Naked, she stood at the French doors, admiring the yard. She could see a nice deck down there. Some old Chinese guy raking leaves looked up casually and kind of coughed out his amazement and almost lost his grip on his rake until she jumped behind the curtains with her big titties jiggling and peeked back out. Then he went on, dragging his rake, shaking his head. She thought about stepping out there and flashing him just for the fun of it.
It was very cloudy and the sun was hidden. She thought she’d get dressed and find the kitchen and get some coffee and sit out on that deck for a while.
She peed first, the door almost closed, her elbows on her thighs and her chin in her fingers, thinking. They’d probably be there this afternoon. She hadn’t let on to him how scared she’d been the other night, when all that had happened, because she wanted him to think she was strong, that she was fearless, because that was how a police officer was supposed to be, even if the officer was a woman.

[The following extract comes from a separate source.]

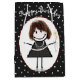 Bonita figura de palito com cabelo, tênis, vestidos de bolinhas e buquê margarida em padrão de bolinhas preto e branco. O texto é editável.

She brushed her teeth and flossed and found some long underwear in the bag she’d left on a chair in the bedroom and dressed in the bathroom, the marble floor cold on her bare feet. She put on thick socks. She had half a mind to call the station to see if they’d found out anything, see if they’d found Elwood. They hadn’t turned the TV on last night so there hadn’t been any news to hear. She guessed she could always buy a paper today at a gas station somewhere if she really wanted to know. If she really did. If he was dead, and she didn’t know it yet, wouldn’t that be kind of like a blessed ignorance, just for today?
She had some heavy wool pants and pulled them on and put on a sweater and her big coat. Merlot was still sleeping. One of his mufflers was hanging in the closet and she wrapped it around her neck, got her boots, unlocked the hall door, and went down to the kitchen. There was nobody down there, but some coffee was ready and there were some doughnuts and pastries. Some cereal. Bananas. Milk in an iced tub. She pulled out a chair from the table and sat down and laced the boots on. She was afraid she was falling in love with him. He was absolutely nutty and incredibly smart. He was very loving. He was able to make her go dreamy inside her head and make goose pimples jump out all over her. And he wanted children. Lord she did need to go see her mamaw. Tell her she’d found the man she wanted.
Two small stainless-steel urns were sitting on the table beside plastic baskets with the sugar and stuff and Penelope got a big foam cup and drew it full of smoking decaf. She dumped in about five spoonfuls of sugar and stirred it. There were some doughnuts and chocolate eclairs and fruit-filled pastries under glass. She blew on her coffee and sipped it, trying to decide what she wanted. Just a little something to tide her over until Merlot woke up and they could have a real breakfast, maybe ham and eggs if they could find a Shoney’s or an IHOP or a Waffle House or a Huddle House nearby. Then hit the road. She set her coffee down and picked up a napkin and lifted the glass top from the eclairs and reached with the napkin for one of them.
She got back out the door by holding the coffee carefully against her breast with her arm and using her free hand for the doorknob. She was glad they’d stopped here. She’d remember this one day when she was old.